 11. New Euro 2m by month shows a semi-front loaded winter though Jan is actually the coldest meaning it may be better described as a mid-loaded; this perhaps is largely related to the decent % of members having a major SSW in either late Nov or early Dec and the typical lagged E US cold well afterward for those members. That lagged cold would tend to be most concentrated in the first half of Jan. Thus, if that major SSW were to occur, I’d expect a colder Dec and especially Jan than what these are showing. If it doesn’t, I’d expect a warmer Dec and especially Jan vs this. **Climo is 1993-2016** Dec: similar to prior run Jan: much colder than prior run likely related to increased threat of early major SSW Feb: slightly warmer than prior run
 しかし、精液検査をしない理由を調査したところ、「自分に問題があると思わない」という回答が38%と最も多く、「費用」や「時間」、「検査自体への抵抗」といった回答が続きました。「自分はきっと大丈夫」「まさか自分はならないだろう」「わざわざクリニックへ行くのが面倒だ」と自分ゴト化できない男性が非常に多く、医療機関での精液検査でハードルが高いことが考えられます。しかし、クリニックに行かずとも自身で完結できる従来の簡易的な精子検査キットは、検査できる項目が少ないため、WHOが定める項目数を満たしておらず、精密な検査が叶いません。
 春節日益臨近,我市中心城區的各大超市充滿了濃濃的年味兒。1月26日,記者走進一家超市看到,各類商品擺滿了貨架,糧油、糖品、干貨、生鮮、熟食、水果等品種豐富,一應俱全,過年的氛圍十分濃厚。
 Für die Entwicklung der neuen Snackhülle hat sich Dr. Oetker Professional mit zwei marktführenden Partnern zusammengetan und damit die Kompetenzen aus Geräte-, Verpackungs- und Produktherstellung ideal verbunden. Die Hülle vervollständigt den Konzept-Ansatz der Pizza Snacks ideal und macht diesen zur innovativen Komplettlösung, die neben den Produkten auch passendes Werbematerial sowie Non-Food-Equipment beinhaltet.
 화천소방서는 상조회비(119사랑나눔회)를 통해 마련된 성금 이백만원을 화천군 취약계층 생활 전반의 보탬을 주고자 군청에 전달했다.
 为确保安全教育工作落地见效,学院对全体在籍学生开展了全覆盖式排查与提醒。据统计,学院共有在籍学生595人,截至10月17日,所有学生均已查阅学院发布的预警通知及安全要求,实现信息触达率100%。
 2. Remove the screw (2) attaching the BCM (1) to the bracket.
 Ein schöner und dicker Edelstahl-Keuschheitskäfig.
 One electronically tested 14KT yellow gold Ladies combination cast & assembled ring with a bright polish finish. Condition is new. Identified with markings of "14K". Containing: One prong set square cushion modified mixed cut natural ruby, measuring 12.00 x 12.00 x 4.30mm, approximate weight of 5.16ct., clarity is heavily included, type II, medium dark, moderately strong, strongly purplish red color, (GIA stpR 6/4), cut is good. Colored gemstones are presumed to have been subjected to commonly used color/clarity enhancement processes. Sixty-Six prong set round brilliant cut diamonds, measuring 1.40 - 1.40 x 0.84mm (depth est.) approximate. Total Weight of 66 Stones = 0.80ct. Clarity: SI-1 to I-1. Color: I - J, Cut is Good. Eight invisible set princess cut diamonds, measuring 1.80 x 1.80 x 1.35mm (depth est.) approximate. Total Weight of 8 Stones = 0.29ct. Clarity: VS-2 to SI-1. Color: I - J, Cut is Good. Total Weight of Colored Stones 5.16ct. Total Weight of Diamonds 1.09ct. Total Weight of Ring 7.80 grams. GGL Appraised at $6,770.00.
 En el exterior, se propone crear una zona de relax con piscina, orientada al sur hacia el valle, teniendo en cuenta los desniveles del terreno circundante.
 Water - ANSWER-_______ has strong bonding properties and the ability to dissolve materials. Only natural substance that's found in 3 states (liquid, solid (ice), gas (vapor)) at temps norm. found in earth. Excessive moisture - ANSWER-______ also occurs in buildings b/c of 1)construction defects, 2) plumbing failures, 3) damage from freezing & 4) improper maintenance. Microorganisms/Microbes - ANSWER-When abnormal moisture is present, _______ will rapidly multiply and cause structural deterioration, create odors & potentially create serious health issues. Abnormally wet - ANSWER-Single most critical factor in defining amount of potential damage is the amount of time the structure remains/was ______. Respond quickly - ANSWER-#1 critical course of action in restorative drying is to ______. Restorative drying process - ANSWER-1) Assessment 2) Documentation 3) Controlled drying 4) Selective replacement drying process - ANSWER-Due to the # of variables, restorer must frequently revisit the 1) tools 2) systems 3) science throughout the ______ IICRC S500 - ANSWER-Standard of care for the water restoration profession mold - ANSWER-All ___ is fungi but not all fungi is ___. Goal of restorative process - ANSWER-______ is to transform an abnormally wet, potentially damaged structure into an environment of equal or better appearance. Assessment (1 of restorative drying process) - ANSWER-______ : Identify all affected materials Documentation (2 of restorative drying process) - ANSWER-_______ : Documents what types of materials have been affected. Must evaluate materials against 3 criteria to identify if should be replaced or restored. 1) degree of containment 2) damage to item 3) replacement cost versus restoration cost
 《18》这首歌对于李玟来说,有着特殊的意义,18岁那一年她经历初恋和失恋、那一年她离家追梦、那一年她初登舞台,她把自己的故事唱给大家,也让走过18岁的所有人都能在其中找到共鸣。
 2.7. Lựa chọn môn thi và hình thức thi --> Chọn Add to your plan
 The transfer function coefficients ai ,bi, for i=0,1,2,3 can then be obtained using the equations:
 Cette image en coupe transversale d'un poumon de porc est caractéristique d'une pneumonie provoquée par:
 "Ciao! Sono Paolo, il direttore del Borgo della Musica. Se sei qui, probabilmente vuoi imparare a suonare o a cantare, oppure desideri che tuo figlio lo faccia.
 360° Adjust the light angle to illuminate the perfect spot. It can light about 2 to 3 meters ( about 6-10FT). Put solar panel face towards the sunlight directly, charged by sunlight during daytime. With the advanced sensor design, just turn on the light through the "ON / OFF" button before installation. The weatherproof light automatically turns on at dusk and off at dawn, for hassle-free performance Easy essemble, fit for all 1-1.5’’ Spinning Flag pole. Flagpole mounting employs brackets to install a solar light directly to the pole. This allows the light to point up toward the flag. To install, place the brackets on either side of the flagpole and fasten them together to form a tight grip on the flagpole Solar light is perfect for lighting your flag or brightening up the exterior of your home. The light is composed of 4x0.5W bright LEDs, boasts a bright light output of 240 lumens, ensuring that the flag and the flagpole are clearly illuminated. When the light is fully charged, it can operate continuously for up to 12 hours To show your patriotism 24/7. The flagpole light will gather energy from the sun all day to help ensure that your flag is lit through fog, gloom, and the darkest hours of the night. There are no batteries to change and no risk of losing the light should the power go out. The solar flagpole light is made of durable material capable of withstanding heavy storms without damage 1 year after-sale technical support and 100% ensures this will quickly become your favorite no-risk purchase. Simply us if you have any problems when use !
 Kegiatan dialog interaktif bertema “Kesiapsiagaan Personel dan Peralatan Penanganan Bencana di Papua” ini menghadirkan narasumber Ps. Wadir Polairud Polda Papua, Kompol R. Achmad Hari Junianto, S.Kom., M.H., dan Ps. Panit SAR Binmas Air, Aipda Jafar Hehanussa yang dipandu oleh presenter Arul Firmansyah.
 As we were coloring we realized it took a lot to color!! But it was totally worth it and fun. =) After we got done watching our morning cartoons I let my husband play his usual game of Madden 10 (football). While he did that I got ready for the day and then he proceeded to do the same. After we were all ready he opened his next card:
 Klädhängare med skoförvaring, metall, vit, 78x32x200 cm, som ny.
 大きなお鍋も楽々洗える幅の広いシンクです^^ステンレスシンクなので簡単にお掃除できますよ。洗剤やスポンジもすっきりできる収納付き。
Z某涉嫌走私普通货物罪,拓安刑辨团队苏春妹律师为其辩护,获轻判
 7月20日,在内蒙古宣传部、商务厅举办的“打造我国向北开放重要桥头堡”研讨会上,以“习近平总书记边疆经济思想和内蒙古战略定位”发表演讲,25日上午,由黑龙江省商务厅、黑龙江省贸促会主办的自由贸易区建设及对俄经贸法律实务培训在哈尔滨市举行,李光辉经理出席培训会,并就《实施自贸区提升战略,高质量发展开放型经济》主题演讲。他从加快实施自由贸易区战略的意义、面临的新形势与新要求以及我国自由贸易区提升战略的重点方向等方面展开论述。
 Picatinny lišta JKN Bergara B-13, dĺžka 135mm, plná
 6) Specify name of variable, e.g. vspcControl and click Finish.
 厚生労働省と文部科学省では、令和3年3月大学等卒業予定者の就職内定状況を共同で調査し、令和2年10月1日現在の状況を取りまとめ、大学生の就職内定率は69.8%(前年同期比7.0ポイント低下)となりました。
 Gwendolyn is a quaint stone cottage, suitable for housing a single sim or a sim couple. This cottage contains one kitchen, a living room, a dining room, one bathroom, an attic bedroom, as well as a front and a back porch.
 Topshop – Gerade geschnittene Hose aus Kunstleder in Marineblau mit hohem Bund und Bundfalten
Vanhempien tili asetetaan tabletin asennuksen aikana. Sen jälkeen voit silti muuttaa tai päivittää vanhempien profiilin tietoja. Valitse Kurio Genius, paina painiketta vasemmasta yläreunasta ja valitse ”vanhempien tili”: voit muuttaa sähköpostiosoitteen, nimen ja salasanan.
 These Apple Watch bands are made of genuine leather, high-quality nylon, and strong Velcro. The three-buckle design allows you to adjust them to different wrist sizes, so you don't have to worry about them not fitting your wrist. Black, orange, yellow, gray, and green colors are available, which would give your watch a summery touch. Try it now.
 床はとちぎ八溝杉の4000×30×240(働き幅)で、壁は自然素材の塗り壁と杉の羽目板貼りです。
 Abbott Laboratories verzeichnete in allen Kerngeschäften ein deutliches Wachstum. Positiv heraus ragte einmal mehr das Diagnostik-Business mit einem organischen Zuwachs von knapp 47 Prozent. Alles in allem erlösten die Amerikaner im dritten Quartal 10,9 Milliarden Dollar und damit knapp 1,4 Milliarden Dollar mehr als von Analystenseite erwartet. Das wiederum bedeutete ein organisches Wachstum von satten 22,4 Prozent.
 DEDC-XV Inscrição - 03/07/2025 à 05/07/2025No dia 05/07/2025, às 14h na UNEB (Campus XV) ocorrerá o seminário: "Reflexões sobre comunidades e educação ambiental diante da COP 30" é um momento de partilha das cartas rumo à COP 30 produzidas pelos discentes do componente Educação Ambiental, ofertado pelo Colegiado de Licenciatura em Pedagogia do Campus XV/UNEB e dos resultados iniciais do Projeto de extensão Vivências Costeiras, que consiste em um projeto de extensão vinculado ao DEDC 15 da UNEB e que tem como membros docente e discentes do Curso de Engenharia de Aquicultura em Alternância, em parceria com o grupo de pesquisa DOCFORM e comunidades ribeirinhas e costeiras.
******************************
■ TRY IT
Copy out all lines of the listing above that include "then".

■ COMPLETED EXERCISE
 The transfer function coefficients ai ,bi, for i=0,1,2,3 can then be obtained using the equations:
 As we were coloring we realized it took a lot to color!! But it was totally worth it and fun. =) After we got done watching our morning cartoons I let my husband play his usual game of Madden 10 (football). While he did that I got ready for the day and then he proceeded to do the same. After we were all ready he opened his next card:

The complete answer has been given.